Cities Addressing the Loss of Low-Rent Affordable Housing

July 12, 2019 - (5 min read)

As city leaders pointed out last week at the release of NLC’s Housing Task Force report, American cities, towns and villages are experiencing a severe shortage of housing for low-income residents.

According to a new report from Harvard University’s Joint Center for Housing Studies, the supply of low-rent housing units has declined significantly since 2011. In all, approximately 4 million housing units renting for less than $800 monthly have been lost, three-quarters of which vanished between 2014 to 2017. Each year, many of these affordably priced homes become unavailable to low and extremely low-income families due to conversions from rental to ownership units or deterioration, or because expiring subsidies make affordable rentals eligible to be repositioned as market-rate housing.

Over the years, tens of thousands of affordable units that were built using federal Low Income Housing Tax Credits (LIHTC) have shed their initial 30-year affordability requirements early, exiting the program through a15-year loophole and becoming unaffordable to many. Complicating matters are the nearly half a million additional LIHTC units expected to convert to market rate use over the next decade, beginning in 2020, as affordability provisions begin to expire for the first 30-year LIHTC properties reaching the end of their affordability requirement.

As city leaders across the nation work aggressively to address the loss of low-rent affordable housing supply, there has been a growing interest in the use of cooperative housing to permanently preserve long-term affordability.

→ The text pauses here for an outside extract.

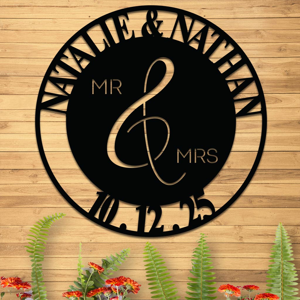 Enhance your wedding decor with our customizable sign featuring "Mr & Mrs," along with your names and wedding date. This charming piece is versatile enough for both indoor and outdoor settings. Crafted from high-quality 16-gauge steel, this wedding sign ensures durability and long-lasting beauty. Each sign is coated with premium-grade paint, designed to withstand the elements while maintaining its vibrant finish. Ideal for adding a personal touch to any room or as a stunning focal point at your wedding.

Community land trusts (CLTs), limited equity cooperatives (LECs) and other types of cooperative housing belong to a class of resale restricted owner-occupied housing frameworks referred to as shared equity models. Shared equity models account for a mere 3.7 percent of U.S. housing supply. Central to the shared equity model is a reliance upon the separation of ownership rights, whereby individual homeowners retain tenure over a property’s physical dwellings and a non-profit or governmental entity retains title to the underlying land.

Community Land Trusts

CLTs are typically private non-profit corporations that strategically acquire and develop residential property for the benefit of the community. Since the 1960s, CLTs have been at the forefront of efforts to ensure permanent affordability of homes and help low income families tap into the wealth building potential of homeownership.

When a CLT acquires a residential property, the CLT holds the property’s underlying land rights separate and apart from the housing, which can be single-family or condo units. Individual dwelling units are purchased and owned by low-income qualified buyers using traditional mortgage products, often from CLT-partnered financial institutions, while the underlying land is rented back to homeowners through long-term ground leases. Should homeowners choose to sell their homes, the resale price of the home is set according to a predetermined formula that allows for a modest return on investment to the homeowner but preserves long-term affordability for future residents.

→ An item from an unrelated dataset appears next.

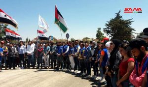 من جانبه أكد يوسف ركاب أستاذ في تربية القنيطرة أن ذكرى رفع العلم الوطني ستبقى ماثلة في ذاكرة السوريين وتحثهم على مواصلة مسيرة الكفاح حتى استعادة كامل أراضينا المحتلة بينما شدد خالد جروان من أبناء تجمع جديدة الفضل للنازحين في ريف دمشق على أن أهالي الجولان في تجمعات النازحين ما زالوا يحتفظون بمفاتيح منازلهم في قرانا المحتلة التي هجرنا منها بالقوة نتيجة عدوان حزيران عام 1967 وما زلنا نصر على حقنا في تحرير أرضنا وعودتنا إلى منازلنا وأراضينا.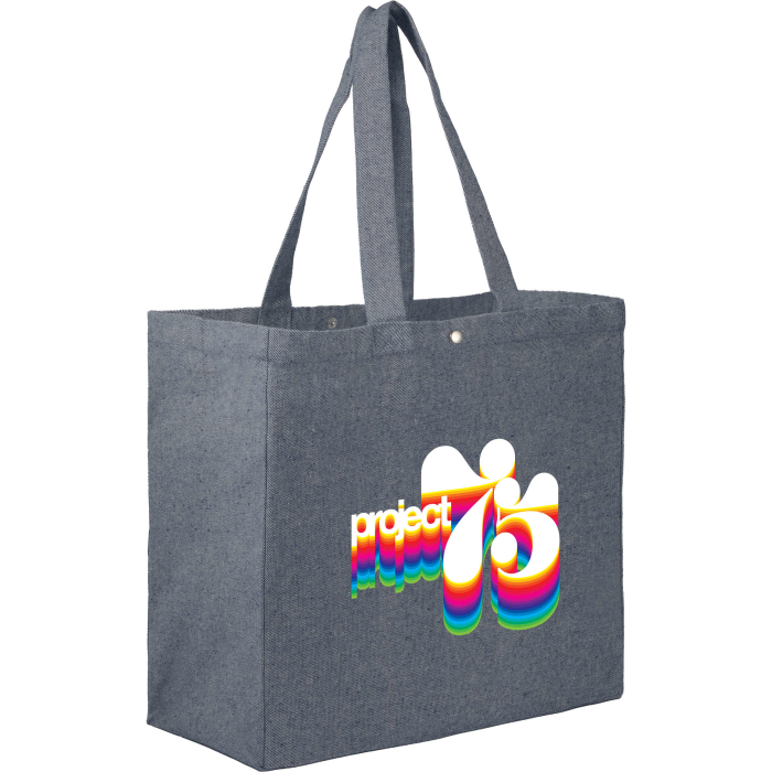 The 5 Oz Customized Eon Recycled Cotton Totes are designed with sustainability and practicality in mind. Made from lightweight 5oz recycled cotton, these totes provide a responsible alternative to conventional bags while maintaining durability for daily use. The large open main compartment and all-side gusset design offer generous storage, perfect for books, lunch containers, or everyday essentials. An antique brass snap closure adds security and a touch of style, while the 11" drop handles make carrying effortless. Flat-pack construction allows easy storage when not in use, making these totes ideal for personal use or branded promotions.Looking for more? Explore our collection of cotton tote bags right away.Get free design, free online proofs and fastest turnaround offers.

Limited Equity Cooperatives

Conversely, LECs are a cooperative ownership structure in which both the physical dwellings and underlying land are financed, purchased and wholly owned by a co-op corporation. In lieu of ownership interests in the physical real estate, low-income qualified households purchase and own shares of stock in the LEC.

Ownership of LEC shares entitles households to the secure and exclusive use of the dwelling, most often in the form of a 99-year ground lease, as well as a vote in the democratically-run management of the corporation.

Co-op members also pay a monthly fee to cover the operating costs and ongoing maintenance of the property. To preserve long term affordability, LECs incorporate resale provisions into the co-op bylaws and occupancy agreements that allow members to sell their co-op shares at a predetermined, formula-driven price that allows for modest appreciation.

Although shared equity models are more likely to ensure permanent affordability than many other types of programs, CLTs and LECs are not without their limitations. For example, CLTs tend to only be a fit for low-income families that can obtain traditional mortgage financing — a requirement that often excludes many very low-income households. And while LECs tend to offer a deeper level of affordability to very-low income households, traditional banks have demonstrated a hesitancy to lend to LECs. And for some co-ops, a lack of management capacity and experience has led to solvency issues over the long term.

Despite their limitations, shared equity models deserve a thorough consideration from city leaders. Given that the affordability provisions of many locally and federally funded affordability programs eventually lapse, cities could produce a profound public benefit if increased funding was allocated in support of shared equity housing models.

Such investments could lead to a larger supply of permanently affordable housing for generations to come.

Terrah Glenn smallAbout the Author: Terrah W. Glenn is the Senior Associate for Housing within NLC’s Center for City Solutions. In addition to pursuing dual Master’s degrees in the fields of urban and regional planning and landscape architecture, Terrah works on the Center’s full range of research priorities with special emphasis on the areas of affordable housing, urban innovation, sustainability, and economic development.